> [Task item]:
Transcribe nothing except the lines below that run from the one with "wouldn’t help me'" to the one with "A 1982 NASA", ends included, and do not copy any picture.

> [Records for the task]:
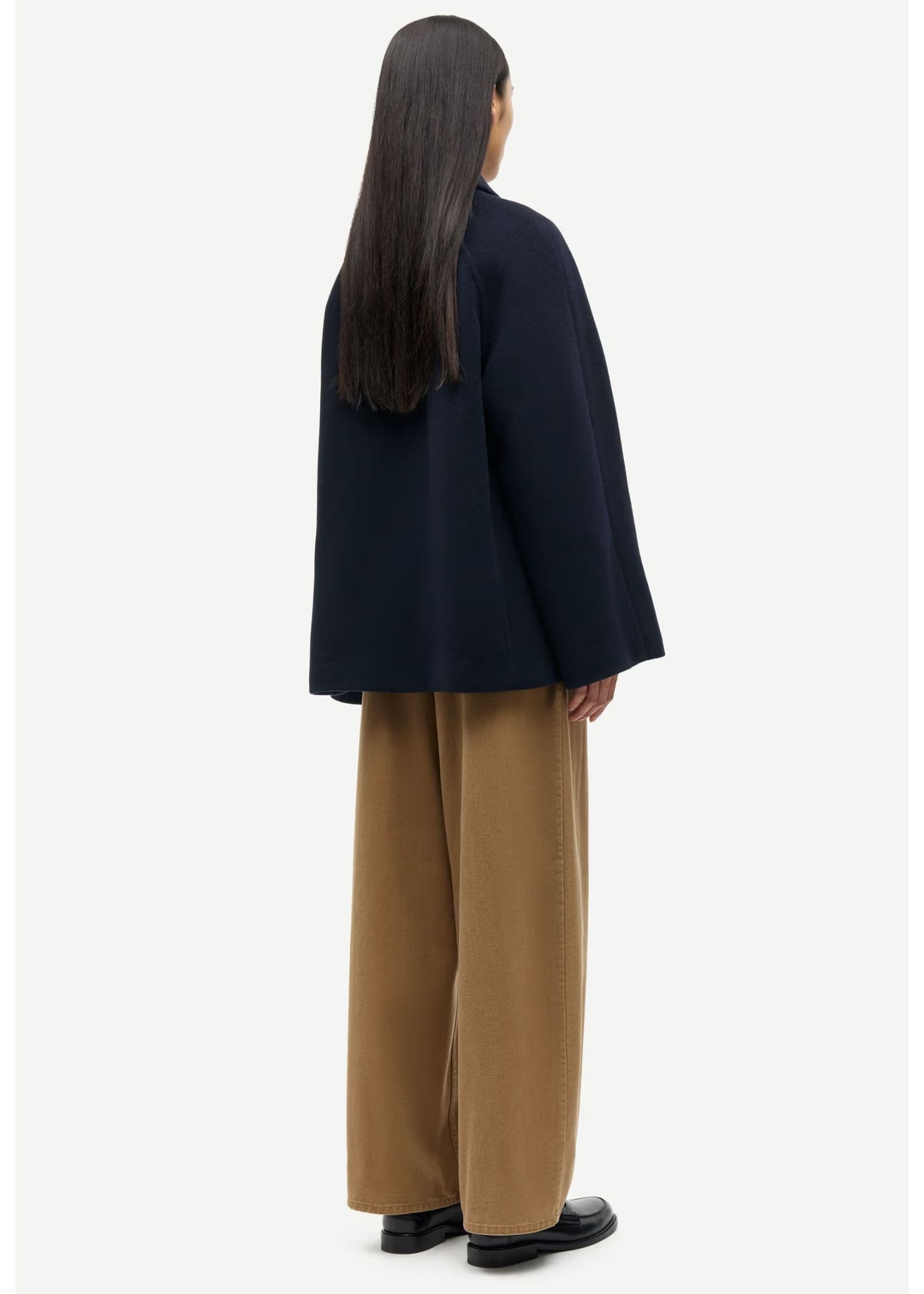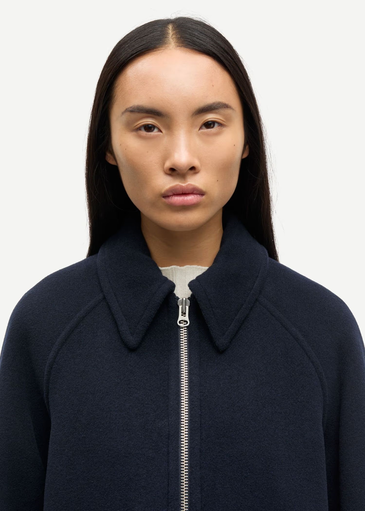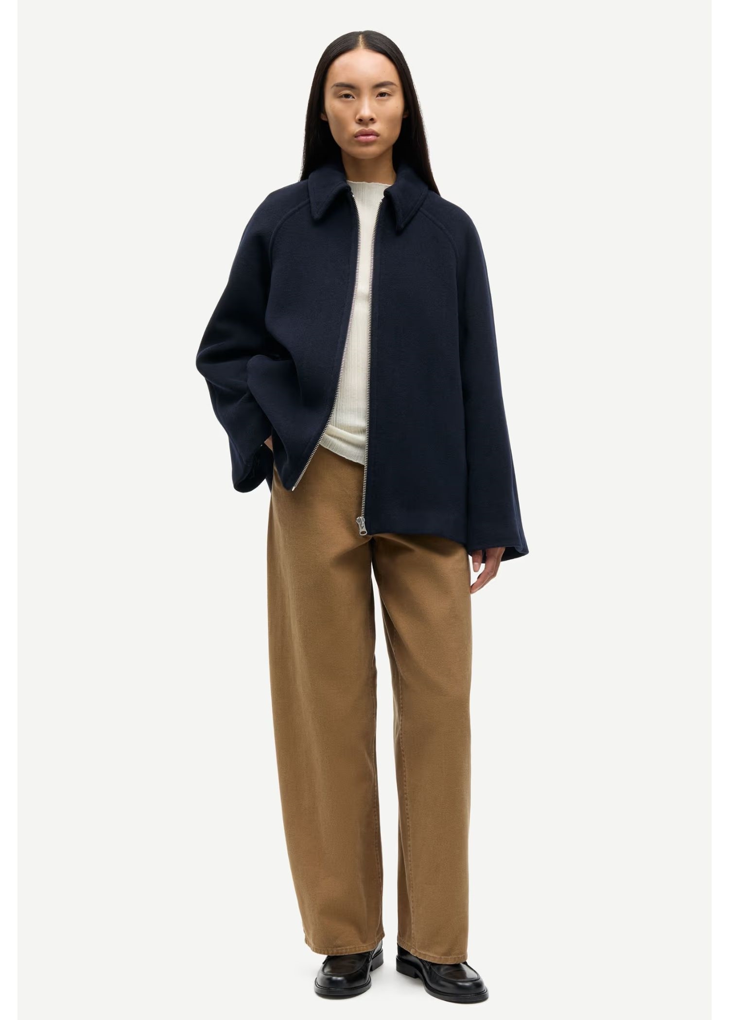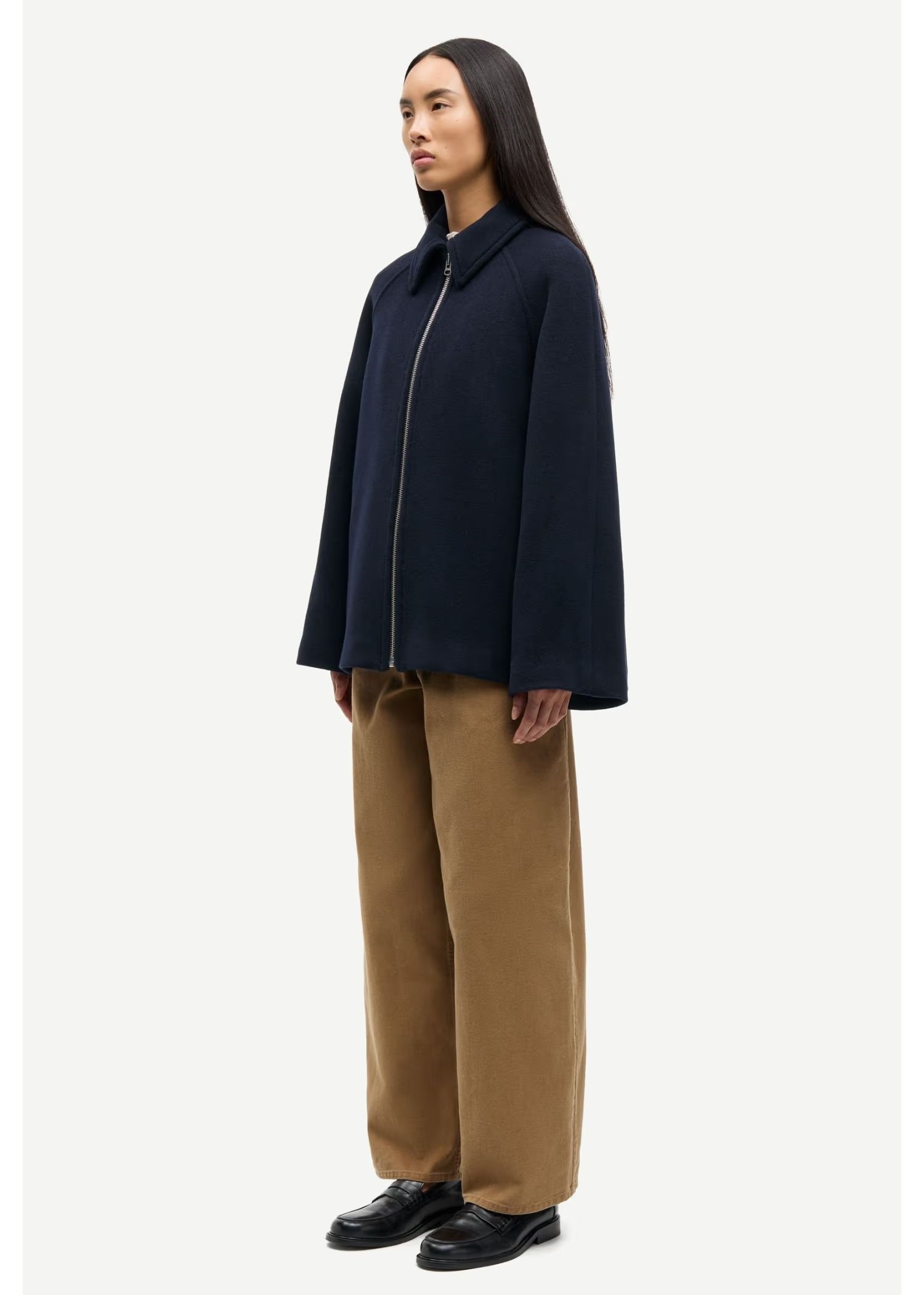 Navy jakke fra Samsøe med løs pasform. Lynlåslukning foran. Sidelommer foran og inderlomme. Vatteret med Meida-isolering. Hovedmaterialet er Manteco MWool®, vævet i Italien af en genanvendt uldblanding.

...

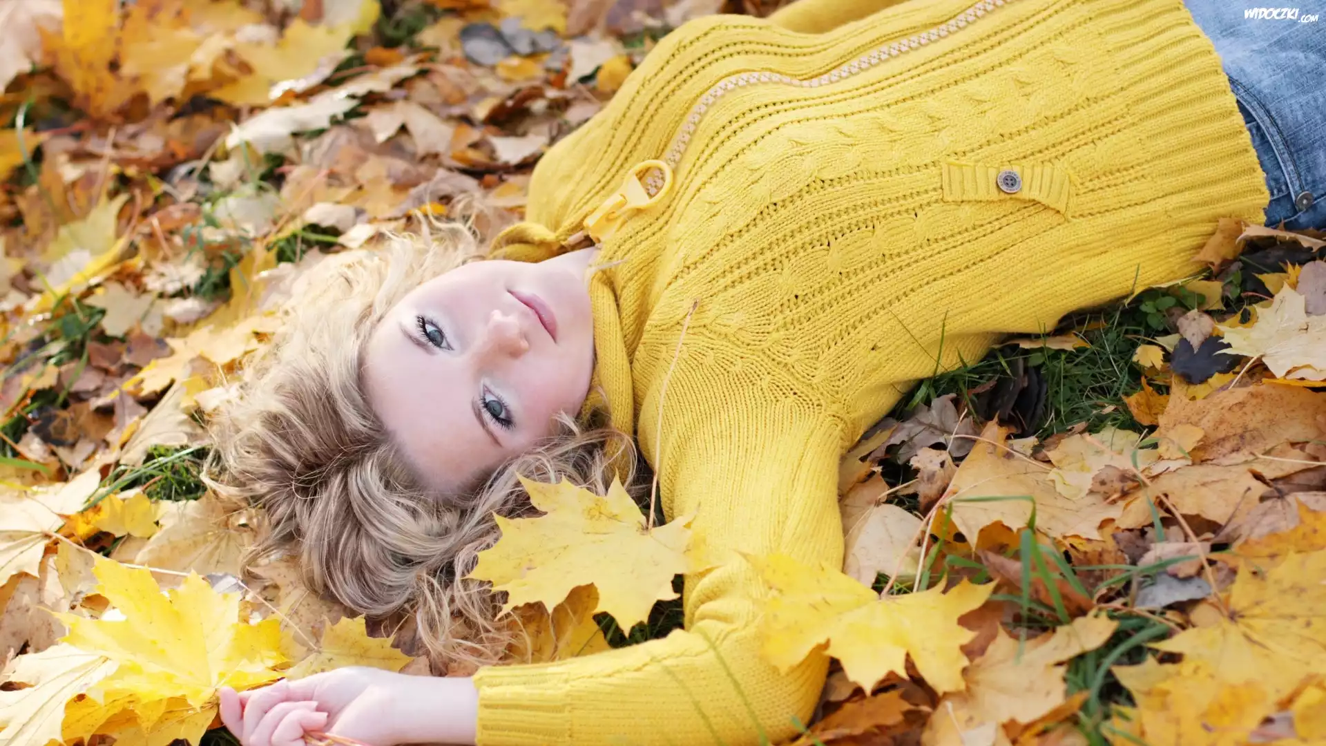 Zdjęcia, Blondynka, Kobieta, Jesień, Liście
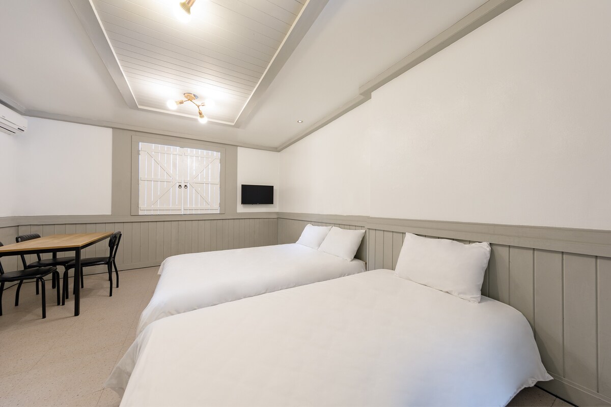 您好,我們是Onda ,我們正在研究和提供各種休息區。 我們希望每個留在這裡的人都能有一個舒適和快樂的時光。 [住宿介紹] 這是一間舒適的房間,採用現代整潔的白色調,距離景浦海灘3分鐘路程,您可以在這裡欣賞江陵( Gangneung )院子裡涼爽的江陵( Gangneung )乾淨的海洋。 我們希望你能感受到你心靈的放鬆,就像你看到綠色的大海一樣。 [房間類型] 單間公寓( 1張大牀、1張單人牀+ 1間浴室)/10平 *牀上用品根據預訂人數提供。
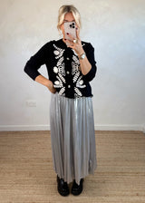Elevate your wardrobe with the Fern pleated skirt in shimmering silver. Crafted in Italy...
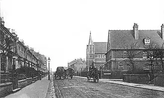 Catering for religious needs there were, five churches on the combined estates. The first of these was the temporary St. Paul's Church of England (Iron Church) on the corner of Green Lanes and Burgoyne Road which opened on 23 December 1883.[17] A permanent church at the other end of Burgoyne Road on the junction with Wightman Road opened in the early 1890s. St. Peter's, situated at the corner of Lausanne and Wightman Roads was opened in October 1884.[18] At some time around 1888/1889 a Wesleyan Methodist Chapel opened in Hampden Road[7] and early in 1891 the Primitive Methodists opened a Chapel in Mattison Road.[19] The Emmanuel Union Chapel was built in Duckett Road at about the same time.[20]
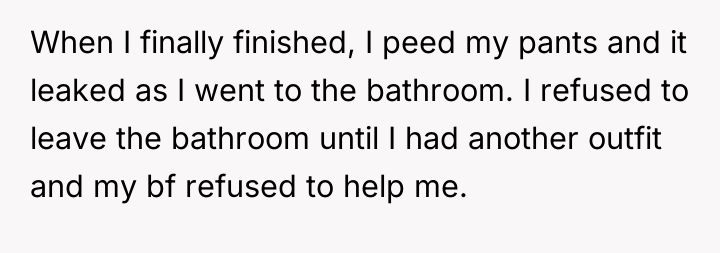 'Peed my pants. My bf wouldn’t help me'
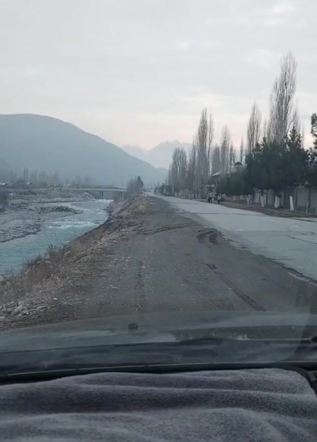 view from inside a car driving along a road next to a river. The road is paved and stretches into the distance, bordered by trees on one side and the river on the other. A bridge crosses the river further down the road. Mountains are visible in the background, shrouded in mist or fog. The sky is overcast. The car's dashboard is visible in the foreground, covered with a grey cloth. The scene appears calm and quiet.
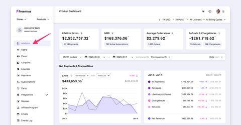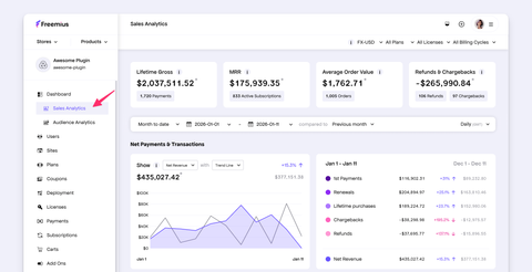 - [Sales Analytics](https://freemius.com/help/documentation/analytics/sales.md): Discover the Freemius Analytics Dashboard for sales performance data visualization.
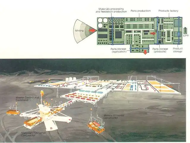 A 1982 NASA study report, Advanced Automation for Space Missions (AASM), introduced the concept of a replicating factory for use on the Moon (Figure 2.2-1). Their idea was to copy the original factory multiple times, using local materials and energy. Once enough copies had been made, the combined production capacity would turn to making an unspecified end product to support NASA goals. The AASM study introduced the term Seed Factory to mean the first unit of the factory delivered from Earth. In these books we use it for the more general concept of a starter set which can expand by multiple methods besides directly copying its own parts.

> [Worked solution]:
 'Peed my pants. My bf wouldn’t help me'
 view from inside a car driving along a road next to a river. The road is paved and stretches into the distance, bordered by trees on one side and the river on the other. A bridge crosses the river further down the road. Mountains are visible in the background, shrouded in mist or fog. The sky is overcast. The car's dashboard is visible in the foreground, covered with a grey cloth. The scene appears calm and quiet.
 - [Sales Analytics](https://freemius.com/help/documentation/analytics/sales.md): Discover the Freemius Analytics Dashboard for sales performance data visualization.
 A 1982 NASA study report, Advanced Automation for Space Missions (AASM), introduced the concept of a replicating factory for use on the Moon (Figure 2.2-1). Their idea was to copy the original factory multiple times, using local materials and energy. Once enough copies had been made, the combined production capacity would turn to making an unspecified end product to support NASA goals. The AASM study introduced the term Seed Factory to mean the first unit of the factory delivered from Earth. In these books we use it for the more general concept of a starter set which can expand by multiple methods besides directly copying its own parts.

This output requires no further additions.